Cinemasters: Polly Platt
We have been obsessed with the work of designer, producer and all round cinematic secret weapon Polly Platt since we first listened to Karina Longworth's excellent The Invisible Woman podcast back in 2020. So naturally, we are over the (Paper) Moon to have had the opportunity to curate a whole season dedicated to Platt as part of a new partnership with the Glasgow Film Theatre.
We are delighted to share our programme notes for this exciting Cinemasters: Polly Platt season, written by own Rachel Pronger.
As co-founder of feminist collective Invisible Women, I spend a lot of time (some would say too much time) thinking about women and old movies. Since we started the collective back in 2017, we have been researching stories of female filmmakers across history. Many of the women that we have encountered have been directors (contrary to what our sausage fest of a canon might have you believe, women have been directing films since the invention of cinema). We love to celebrate the work of early Hollywood pioneers such as Lois Weber, Esther Eng and Tressie Souders, tracing their influence through to the present-day triumphs of the likes of Ava Duvernay, Chloe Zhao and Jane Campion. However, focusing purely on the work of directors only offers us a partial picture. Cinema is an inherently collaborative artform, and when we zoom in too closely on one aspect of the process we ignore a larger, more complicated story.
The invisibility of women in film history partly stems from our narrow definition of what makes a filmmaker. Since the explosion of auteur theory in the 1950s, the hierarchy of filmmaking (or at least of filmmaking as art), has been firmly established - the director (or “auteur”) at the top, followed by a long line of collaborators. The status attached to the director has made the role sought after, prestigious and undeniably gendered. This means that while there have been many significant female directors over the past century or so, they have always been outnumbered by their male contemporaries and they have often faced many more barriers to getting work made on their own terms.
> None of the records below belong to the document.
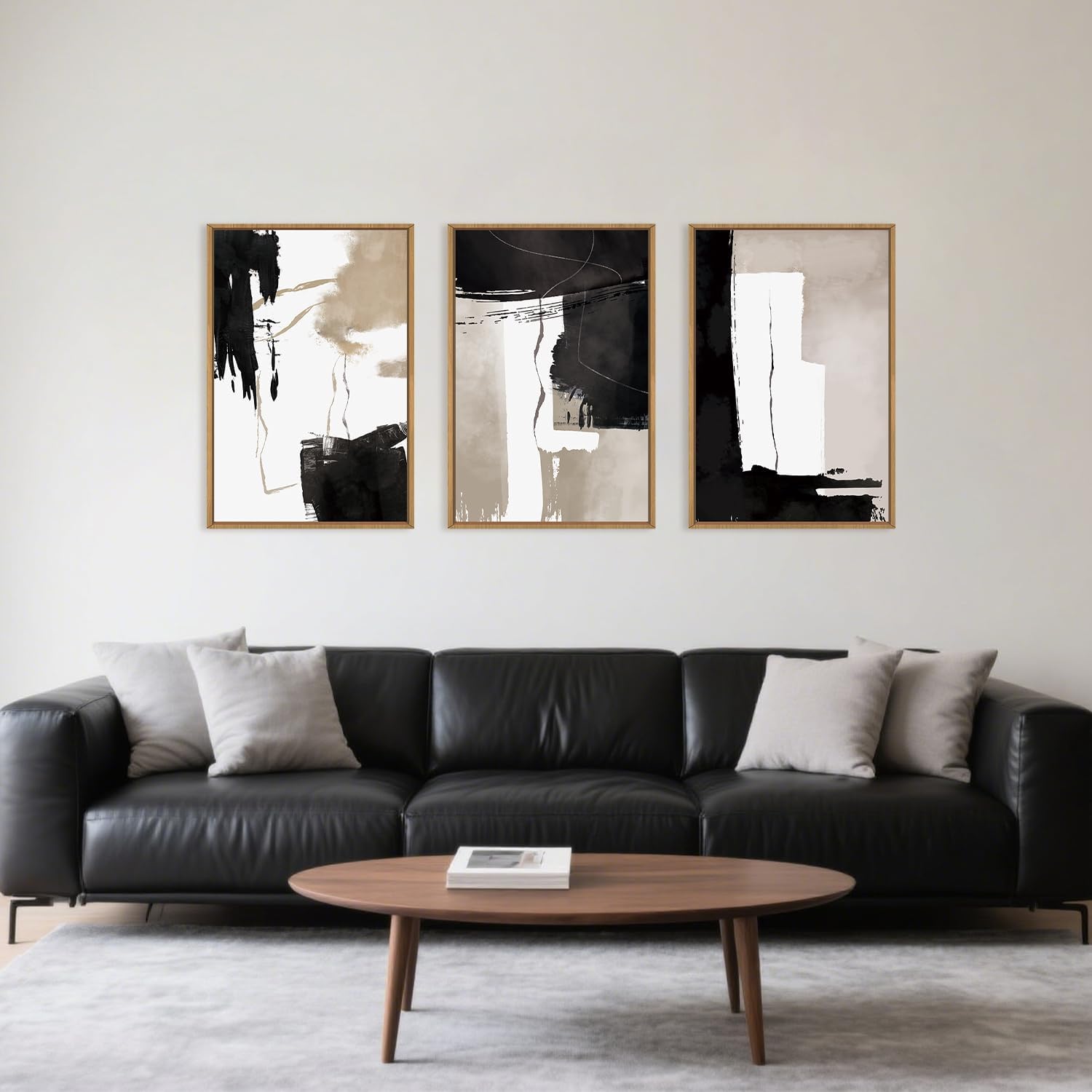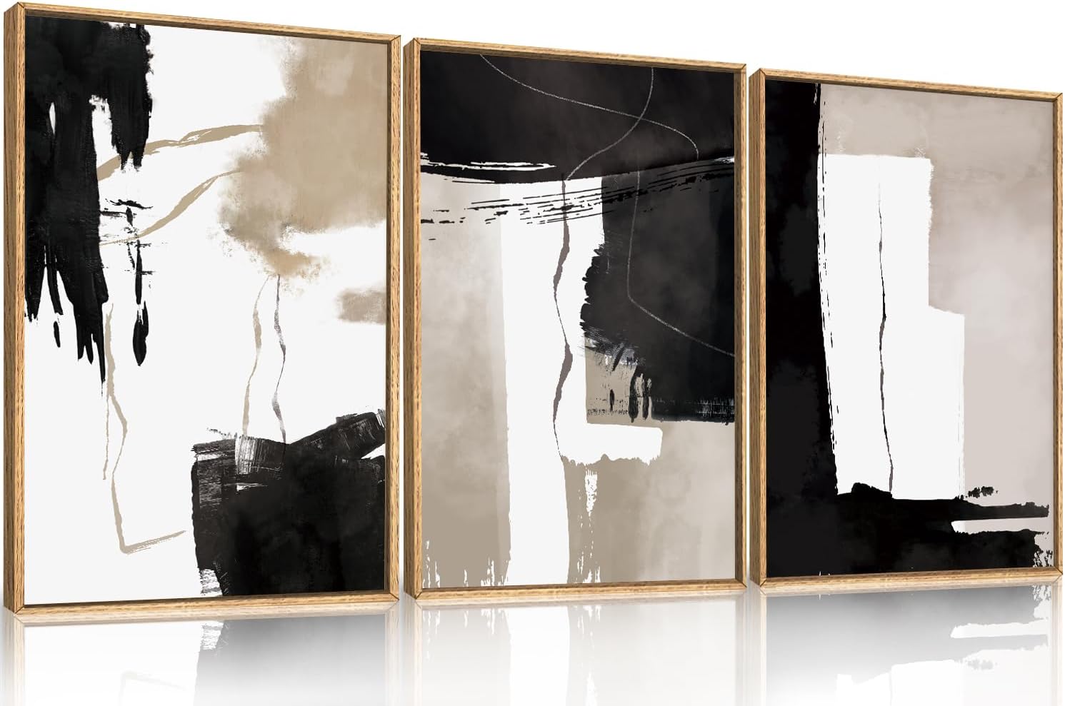 - 【Abstract Wall Art】This modern abstract framed canvas wall art set is a favored selection among those looking to boost the visual attractiveness of their interior spaces. The artwork predominantly features black, white, and brown, which together form a well-proportioned and cohesive visual pattern. No matter if you decide to mount this piece in your living area, sleeping quarters, or professional space, its non-representational design and neutral hues can add to a soothing and aesthetically satisfying ambiance.
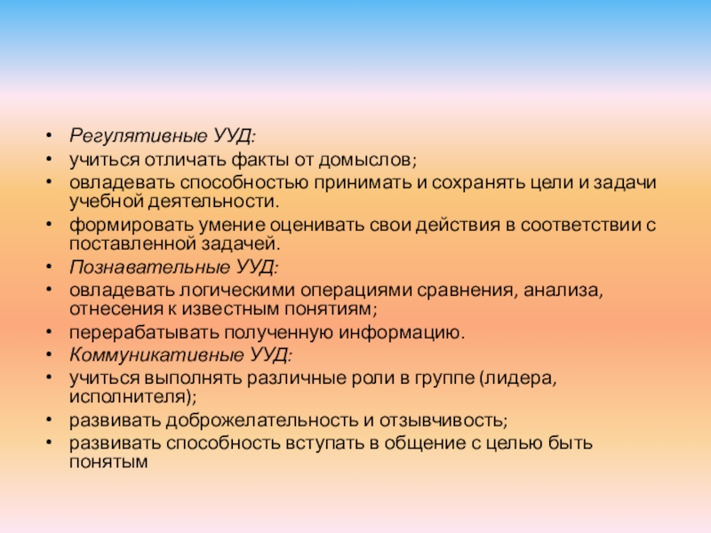 Регулятивные УУД:
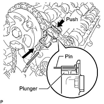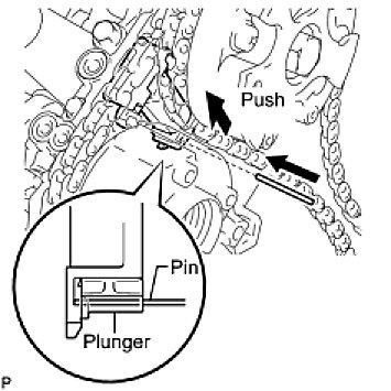 (a) While pushing down the No. 3 chain tensioner, insert a pin of dia1.0 mm (0.0394 in.) into the hole to fix it in place.
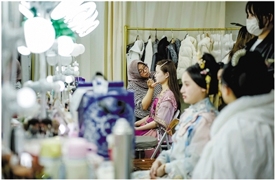 一旁的造型师解释,张女士体验的是电视剧《云之羽》同款汉服,在西湖、云栖竹径等地拍照特别出片,妆容是更符合现代审美的、整体偏清冷感的风格。看着身裹层层薄纱的张女士,记者问她打算去哪里拍、怕不怕冷,她充满期待地说:“没关系,我有带厚衣服的!”

Yet even when they have been effectively locked out of directing, women have consistently found ways to contribute creatively to film. In Hollywood, where for large chunks of the twentieth century there has been only a vanishingly small number of women working as directors, a significant number of female screenwriters, designers, editors and producers have managed to make their mark. The dominance of a narrow, auteurist reading of film history - and the tendency of curators such as ourselves to build retrospectives around directors - means that the true contributions of these women have often been minimised and misunderstood.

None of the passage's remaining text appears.